О Бунине, напротив, Карлгрен пишет пространно и горячо, увлекаясь поэтическим стилем писателя и пересказывая его произведения с воодушевлением и тонким пониманием. Однако из импрессионистического очерка эксперта («Бунин — писатель осенний», «Его ухо внимает звукам леса и степи», его «опьяняет тихая грусть о прошлом», его стихи и рассказы — «это осенние цветы, со слабым запахом», совсем непохожие на «орхидеи модернизма, с их яркими красками и наркотическим ароматом») никак не следовало вывода о весомости творчества писателя, о его соответствии суровым требованиям Нобелевской премии.

В заключении Нобелевского комитета 1923 г. произведения Бунина охарактеризованы как «ограниченные и по количеству, и по идейному содержанию», отмеченные эстетизмом и ничем не замечательные («охотнее всего забываешь то, что читал»). Академики готовы признать, что Бунин высоко ценим «несчастными и озлобленными» русскими эмигрантами, хотя «великим писателем он не может быть даже и для них». Напротив, сочинения Горького представляются членам Нобелевского комитета исполненными правды, силы и философской глубины, однако это касается лишь произведений, созданных за двадцать лет до его номинации, что не дает «оснований для того, чтобы отметить его» наградой. Премию 1923 г. присудили крупнейшему поэту ХХ столетия ирландцу Уильяму Батлеру Йейтсу.

Оснований для увенчания Горького не оказалось и в 1928 г., когда Нобелевскому комитету напомнили о писателе известные шведские литераторы В. фон Хейденстам и Т. Хедберг.
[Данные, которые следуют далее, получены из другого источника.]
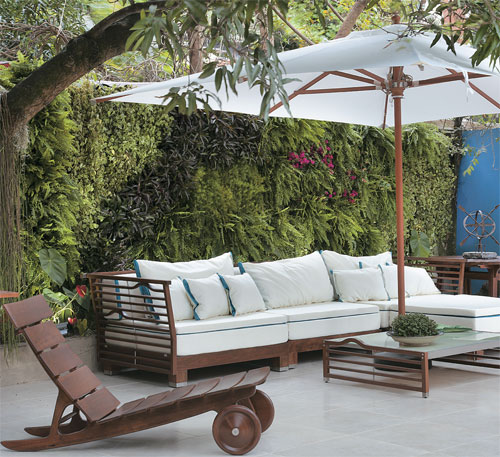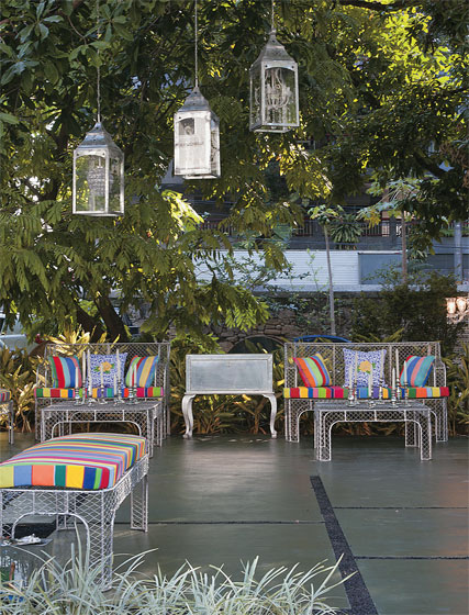 O jardim do Living foi o grande vencedor do prêmio do O Globo, como se fosse uma rede, esta cama de balanço de fibra sintética repousa em pedriscos sob a centenária figueira. “Toda esta área verde já existia no palacete, e eu quis transformá-la em um lugar lúdico e de descanso”, conta a paisagista Paula Bergamin.
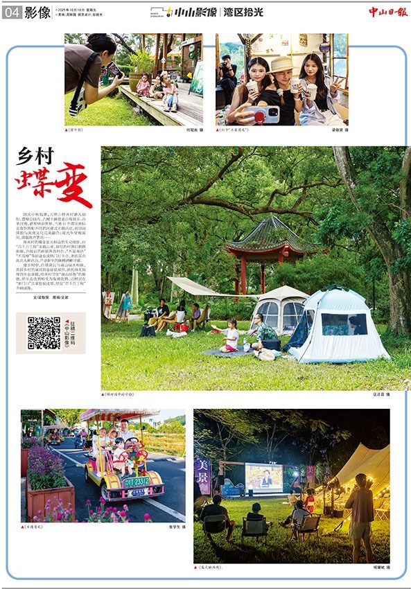 国庆中秋假期,五桂山桂南村游人如织。香樟公园内,古树下露营者自得其乐;沙爷河旁,游客纳凉赏景。当地11个湾区地标美食馆搭配不同的沉浸式主题活动,将田园风貌与美食文化完美融合;观光车穿梭其间,满载欢声笑语……

Теперь Карлгрену пришлось писать обстоятельное заключение о творчестве автора, которого «чествуют в России, как никого из русских писателей до него, и подобная поддержка его кандидатуры общественным мнением... является уникальным случаем в истории Нобелевской премии».

Для эксперта Горький — писатель безусловно тенденциозный, но он уважает эту тенденциозность, продиктованную искренними убеждениями и рождающую живые, подлинные образы: «людей из плоти и крови, исключительных личностей, изображенных с выдающимся мастерством». В мощном творчестве зрелого Горького рецензент усматривает только одну «явную неудачу» — «памфлетный» роман «Жизнь Клима Самгина», звучащий как «ужасный пасквиль» на русскую интеллигенцию. Но в целом творчество писателя конца 1920-х гг. Карлгрен оценивает как «необыкновенный ренессанс», обеспечивший ему «ведущее место в русской литературе».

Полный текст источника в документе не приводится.